2PCS 8 Way Spoke Nipple Key Bike Wheel Rim Spanner Wrench Bicycle Repair Tool | eBay


2 X 8 Way Bike Wheel Rim Spanner. Suitable for spoke nipple sizes 10, 11, 12, 13, 14, 15. It is is a professional and practical bike bicycle repair tools kit. Simple to use, suitable for repairing bike wheel rim.



www.ebay.com





-DallanC


----------



## justismi28 (Aug 19, 2014)

Dallan beat me to it. For the flash hole a welding tip cleaner works better than anything. 

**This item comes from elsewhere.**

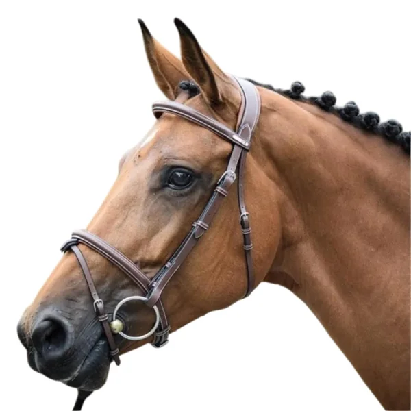 Issu de la Collection One, le bridon London est un produit essentiel, un basique intemporel. Le frontal et la muserolle sont fabriqués dans un cuir légèrement carré et bombé, l’ensemble du bridon est rehaussé de surpiqûres blanches. Hormis les montants, toutes les autres parties de ce modèle sont doublées d’un cuir de couleur tabac pour le modèle noisette. Un noseband amovible est rattaché à la muserolle. La têtière est légèrement anatomique pour apporter plus de confort au cheval. La Collection One est une gamme de cuirs composée de produits pour une utilisation au quotidien, au look chic et épuré. C’est une gamme variée dans laquelle on retrouve une grande variété de produits techniques: bridons, enrênements et accessoires (gogues, gogues commandés, martingales et sangles) Elle propose des tarifs adaptés, dans un rapport qualité prix optimal et s’adresse donc à tous les cavaliers. La collection One est une gamme qui va à l’essentiel, toujours dans l’esprit d »une fabrication Jump’in de qualité, 100% made with Savoir-faire.

But don't neglect the flash channel. I believe TC uses a 1/8" flash channel, so get a 1/8" drill bit and hand turn it down the flash channel to clean all that crud out. You'll want to confirm that measurement, but you'll be shocked how much build up there is which can create blowback issues and even more cleaning.


----------



## Critter (Mar 20, 2010)

Ditto, welding tip cleaners.

Sent from my SM-J737V using Tapatalk


----------



## Irish Lad (Jun 3, 2008)

Would this work for the flash hole or you guys think the welding tip cleaners are better?


----------



## Irish Lad (Jun 3, 2008)

justismi28 said:


> Dallan beat me to it. For the flash hole a welding tip cleaner works better than anything.
> 
> But don't neglect the flash channel. I believe TC uses a 1/8" flash channel, so get a 1/8" drill bit and hand turn it down the flash channel to clean all that crud out. You'll want to confirm that measurement, but you'll be shocked how much build up there is which can create blowback issues and even more cleaning.


I know, it caused me grief, I think it helped clog up the flash hole.


----------



## BigT (Mar 11, 2011)

I keep a small pin in my cleaning kit and push through it every time I clean the gun out. This has worked well over the years. For the gunk that gets stuck to the breach plug itself, I used to soak it in solvent but then one day I grabbed a baby wipe since I've got a ton of kids and they're always around and used it. I couldn't believe how clean it got the breach plug. Have been using them ever since without any issues to the breach plug.


----------



## Pokesmole (Oct 29, 2016)

I have a somewhat related issue with my T/C pro hunter fx breech plug. It’s always been a pain to get out with out smacking the scope. No matter how much grease I get in the threads it causes me issues. After shooting this last weekend it was especially hard to get out. I ended up breaking the wrench and have no way to remove it before the hunt now. Is there any shops that sell that wrench locally? Or do you have any other tips to get it out without?


----------



## Critter (Mar 20, 2010)

Ok, you guys made me do it. 

The flash hole in my T/C Triumph is 0.033 of a inch that is 033/1000 of a inch. That is the channel hole through the breach plug from the 209 primer until it hits the powder


----------



## DallanC (Jan 13, 2009)

Yup... and .036" is considered "worn out". When I bought the vent liner conversion kit for my Remington, I also bought the .036 pin gauge they sold. When that can pass through the hole, its considered "worn out" and accuracy suffers.

-DallanC


----------



## Irish Lad (Jun 3, 2008)

Pokesmole said:


> I have a somewhat related issue with my T/C pro hunter fx breech plug. It’s always been a pain to get out with out smacking the scope. No matter how much grease I get in the threads it causes me issues. After shooting this last weekend it was especially hard to get out. I ended up breaking the wrench and have no way to remove it before the hunt now. Is there any shops that sell that wrench locally? Or do you have any other tips to get it out without?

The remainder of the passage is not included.